Tweets are probably one the most ephemeral type of web content as they become popular very fast and they quickly die out. For example, studies conducted on Tencent Weibo found out that an insignificant number of tweets get retweeted after one day [63]. Similarly, a study on Twitter revealed that most tweets receive half of their retweets within the first hour after publication [64]. Useful predictions thus need to be done in the order of minutes after the post of a tweet.

In addition to these main categories, content published on other web sites have been used for popularity prediction tasks such as threads published on discussion forums (DPReview, MySpace [65]) and movie ratings on IMDb [36]. Due to the relevancy of the results we also include in our analysis the prediction results for the content published on two applications: an interactive video sharing application (Zync) [66] and a joke sharing application (JokeBox) [67].

5 Evaluating the prediction models

To provide a more explicit description of the prediction algorithms, let us introduce the terminology and the measures used to evaluate the efficiency of the prediction methods.

Terminology. Let c∈C be an individual item from a set C observed during a period T. We use t∈T to describe the age of an item (i.e., duration since the time it was published) and mark two important moments: indication time t_i, representing the time we perform the prediction and reference time t_r, the moment of time when we want to predict content popularity. Let N_c(t_i) be the popularity of c from the time it was published until t_i and let N_c(t_r) be the value that we want to predict, i.e., the popularity at a later time t_r. We define ${\hat{N}}_{c} (t_{i}, t_{r})$ the prediction outcome: the predicted popularity of c at t_r using the information available until t_i. Thus, the better the prediction, the closer ${\hat{N}}_{c} (t_{i}, t_{r})$ is to N_c(t_r).

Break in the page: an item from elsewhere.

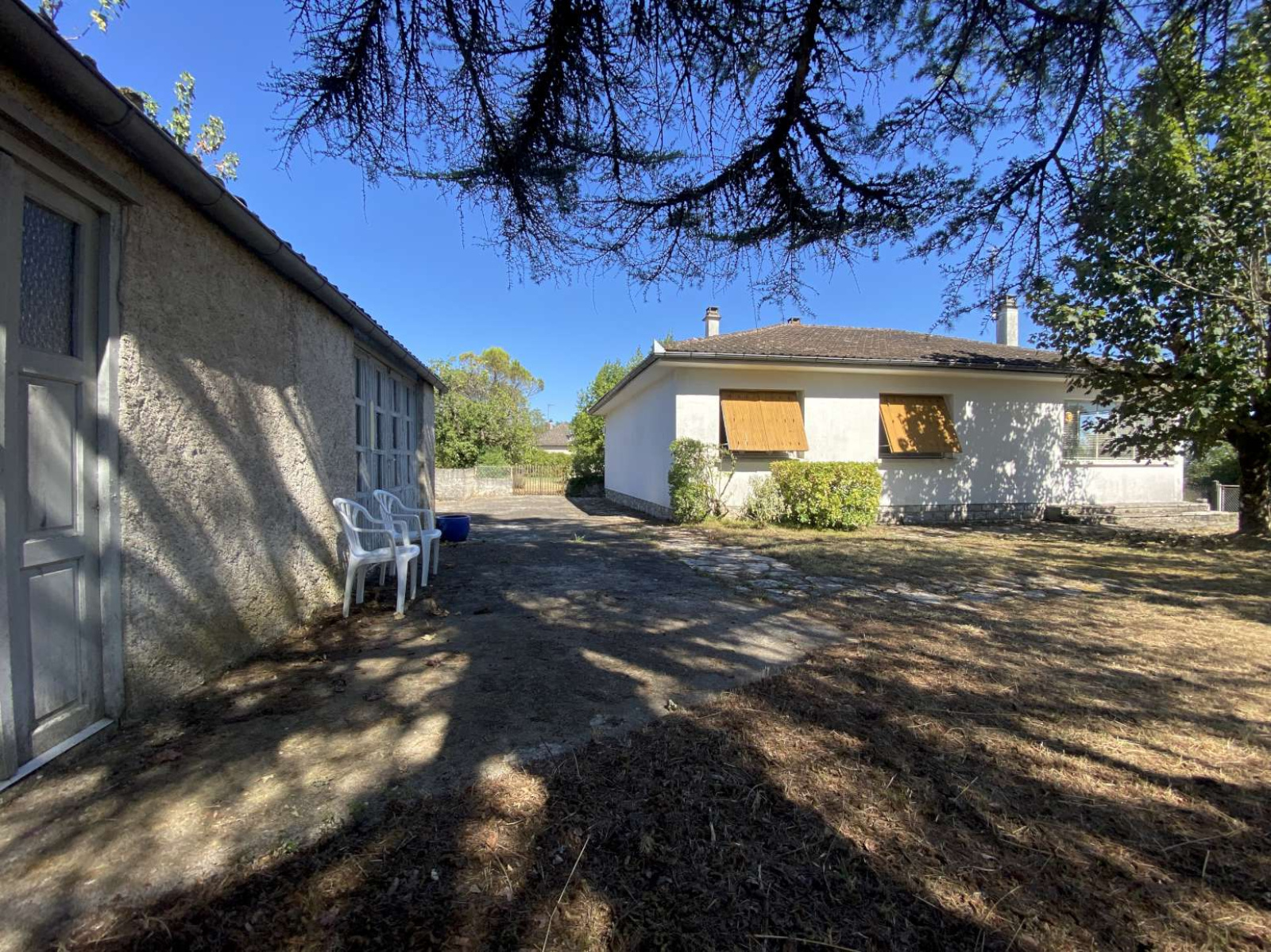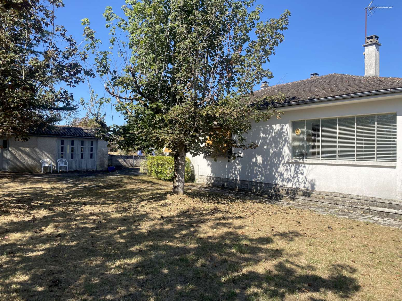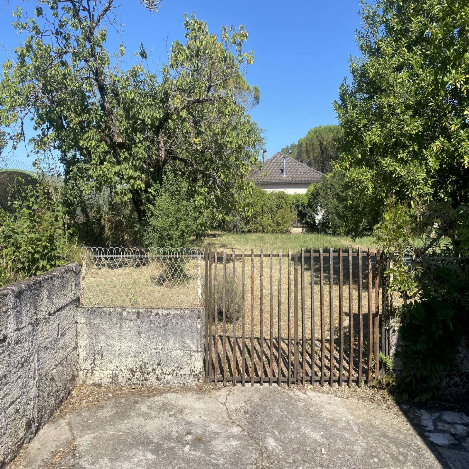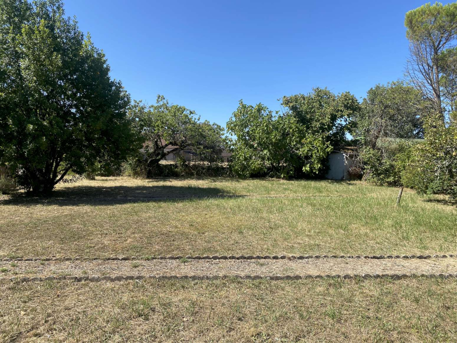 Jardin en 2 parties : petit terre-plein arboré (sapin, érables) ~300m² + verger (pruniers, cerisier, figuier...) 600m².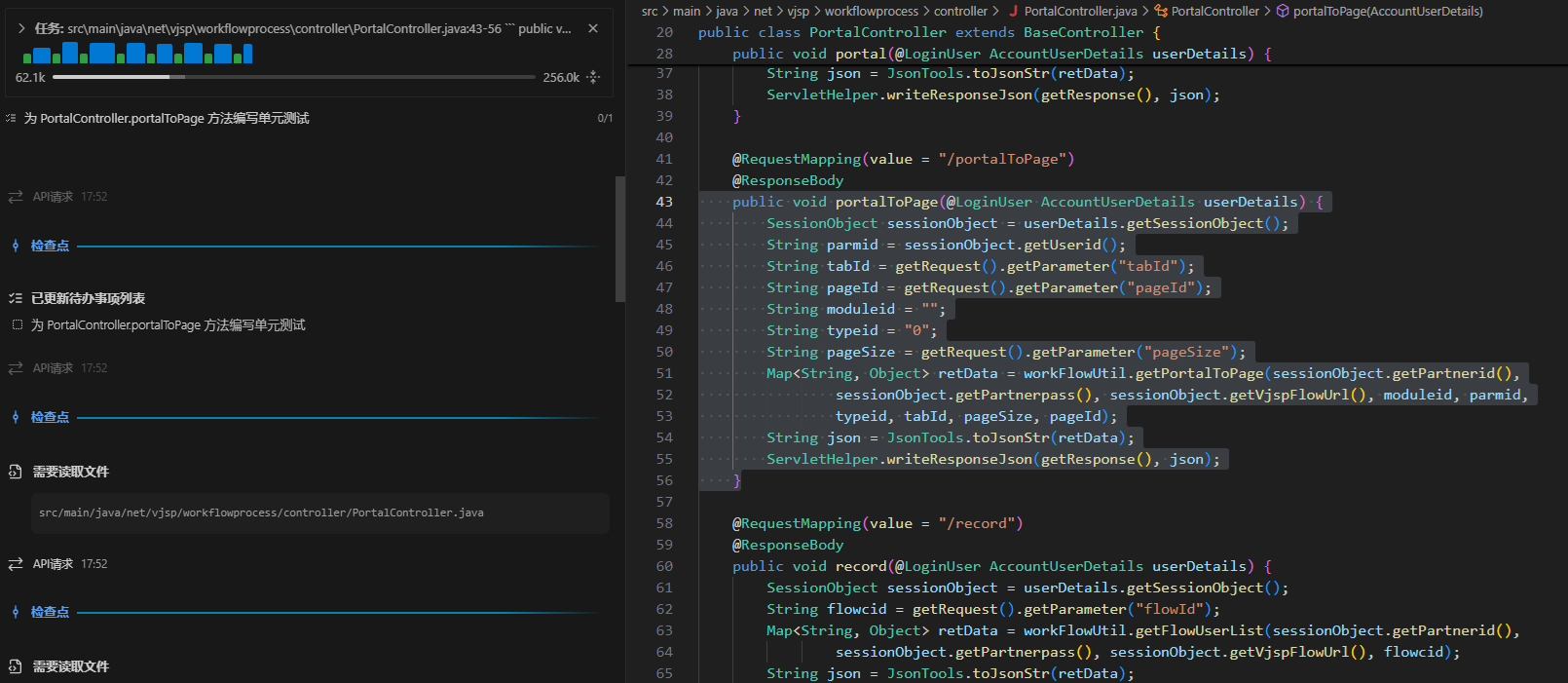 After selecting a code snippet, send a unit test generation command to VJSP Assistant. It will generate appropriate unit tests for the selected code.

Evaluation. We distinguish two prediction goals: (i) Numerical prediction – predict the exact value of the popularity, (ii) Classification – predict the popularity range that an item is most likely to fall in.

5.1 5.1 Numerical prediction

There are different ways to assess the efficiency of a numerical prediction [68]. Mean Squared Error (MSE – Equation 1) is used to report the average of the squared errors. By taking the square root of MSE, one can express the error in the same dimension as the estimated value (RMSE – Equation 2). One important limitation of squared errors is that they put too much weight on the effect of outliers, and in this case reporting the absolute errors is a good alternative (MAE – Equation 3).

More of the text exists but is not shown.